# Example of Grover's Algorithm applied to a decision problem?

I recently asked this question on Grover's algorithm, and I am still fairly confused about the whole thing. Consider the following snippet from this post (written by DIDIx13) which for convenience I will reproduce here:

If you throw away the problem structure, and just consider the space of $2^n$ possible solutions, then even a quantum computer needs about $\sqrt{2^n}$ steps to find the correct one (using Grover's algorithm) If a quantum polynomial time algorithm for a $\text{NP}$-complete problem is ever found, it must exploit the problem structure in some way.

The first line emphasis one place where I am confused: Grover's algorithm finds a solution amongst $2^n$ solutions to a problem - this is not a decisions problem alone and as mentioned in my question linked above means we cannot assign it a complexity class.

That said Grover's algorithm can be used to solve decision problems (there seems to be a lot of talk on related questions about "SAT") - but I have yet seen a simple example of such an application.

Thus my question is: Does there exist a simple example of Grover's algorithm solving a decision problem? (even better if you can provide one where the classical search is in $NP$ and another in $P$)

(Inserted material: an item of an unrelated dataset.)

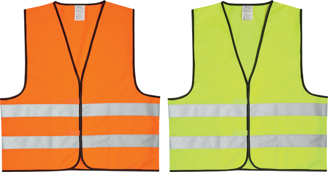 Sicherheits- / Warnweste HERO RELOADED, in Signalfarbe: mit Reflektorstreifen und Klettverschluss an der Vorderseite, im Polybeutel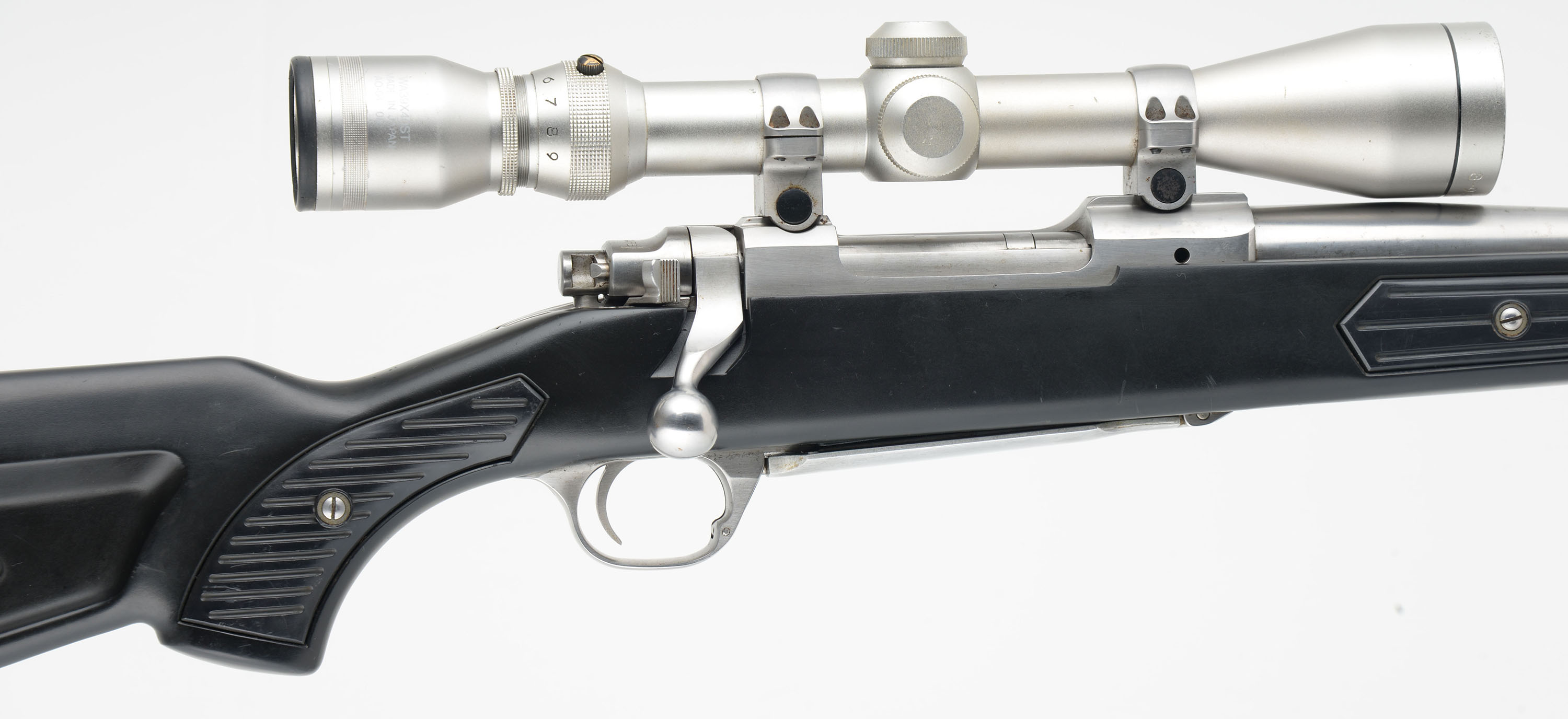 Ruger, Model M77 MARK II, Stainless All Weather, .223 Cal., MFG. 1993, SN: 781-42094, Bolt Action Rifle, 22'' round barrel, The factory Zytel synthetic stock (sometimes referred to as a skeleton or boat/canoe paddle stock) is excellent, but with several minor rubs, mainly located on the right side upper comb by the buttend. The stainless steel surfaces has a satin silver finish, which is excellent, with some fine brush lines & additional rub wear on the floorplate. Bore is excellent. The grooved receiver is fitted with a satin silver matching Tasco 3-9X40 scope, while the barrel has no sight provisions. Factory recoil pad & sling loops, A high quality, all weather, bolt action sporting rifle. FFL Req. - Value: 1000 to 1500

Take the problem of 3-SAT. There is some $f(x)$ which gives outputs 0 or 1. We generally think of the case where the outputs 1 are rare, and hard to find.
PROBLEM: Determine if there is an $x$ that satisfies $f(x)=1$.
I'm not sure if you're asking for a specific example of an $f(x)$, but one of the issues is that this complexity classification is about scaling: you need a family of functions for different sized inputs. 3-SAT is one such class. Perhaps my answer here supplies the sorts of examples you were after?